Bhushan Steel Ltd Book Profit Research by FairWealth Securities

Bhushan Steel Ltd Book Profit Research by PINC ResearchWe recommend our clients to book profit in Bhushan Steel Ltd (BSL) at Rs 431. ‘Fundamental BUY’ call was given at Rs 360 on 09th Feb, 2011 and the stock has almost given 20% return from this level. Higher raw material prices (~35% rise) are likely to hit margins by 300-500bps coupled with uncertain demand prevailing in the industry due to high interest rate environment in Indian economy.

Rationale

High raw material prices would dent the margin: raw material accounts for nearly 60% of sales and 86% of total expenditure. The iron ore prices have escalated by 38% to $183/ton during Jan11 against $132/ton in Oct10. Coking coal prices have also gone up by 33% to $300/ton from the levels of $225/ton on the back of shortage of supply from Australia. Any further hike in raw material prices would dent the margins to the tune of 300-500bps. The blended realization/ton remains flat on sequential basis at Rs 45104/ton against Rs 45013/ton during Q2FY10, while on y-o-y basis it has improved over 7% from Rs 42017/ton.

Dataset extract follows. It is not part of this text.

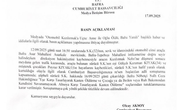Cumhuriyet Başsavcısı Olcay Aksoy imzalı açıklamada, "Medyada 'Otomobil Kızılırmak'a uçtu: Anne ile oğlu öldü, baba yaralı' başlıklı haber ve iddialarla ilgili olarak basın açıklaması yapılmasına ihtiyaç duyulmuştur. 12 Eylül 2025 günü saat 16.50 sıralarında S.K.'nin (32), sevk ve idaresindeki otomobil cinsi araçla Bafra Asar Mahallesi Asarkale mevkiinde, Bafra-Tepebaşı Mahallesi istikametine doğru seyir halindeyken direksiyon hakimiyetini kaybetmesiyle aracın Kızılırmak Nehri'ne düşmesi sonucu meydana gelen trafik kazasında, araçta bulunan sürücü S.K.'nin eşi Gülşah Karaman Kıyak (34) ve müşterek çocukları Poyraz'ın hayatlarını kaybettikleri, sürücü S.K.'nin hafif yaralı olarak kurtulduğu olayla ilgili olarak Cumhuriyet Başsavcılığımızca resen başlatılan adli soruşturma kapsamında; şüpheli sürücü S.K. hakkında 16 Eylül 2025 günü çıkarıldığı Bafra Nöbetçi Sulh Ceza Hakimliğince 'eşe karşı tasarlayarak kasten öldürme ve çocuğa ya da beden veya ruh bakımından kendisini savunamayacak altsoya karşı tasarlayarak kasten öldürme' suçlarından tutuklanmasına karar verilmiştir. Soruşturmaya çok yönlü şekilde titizlikle devam edilmektedir" denildi.

Uncertain demand will leave little scope for further price hike: steel manufactures have hiked steel prices nearly 21% during the last four months, thereby leaving little scope for further hikes. Adding to that high interest rate scenario is prevailing in the industry. BSL which primarily caters to auto manufactures is likely to be affected by high interest, as the demand for auto grade steel is expected to slow down. A complete pass- through to final steel consumers remains unlikely, that means steel producers may have to bite into their margins for the next two quarters.

High Debt-Equity ratio is a concern: the company poses over Rs 10000cr debt in its book, with debt-equity ratio at 3 which is a cause of concern. With margins likely to remain subdued, high debt would act as a hindrance in further expansions.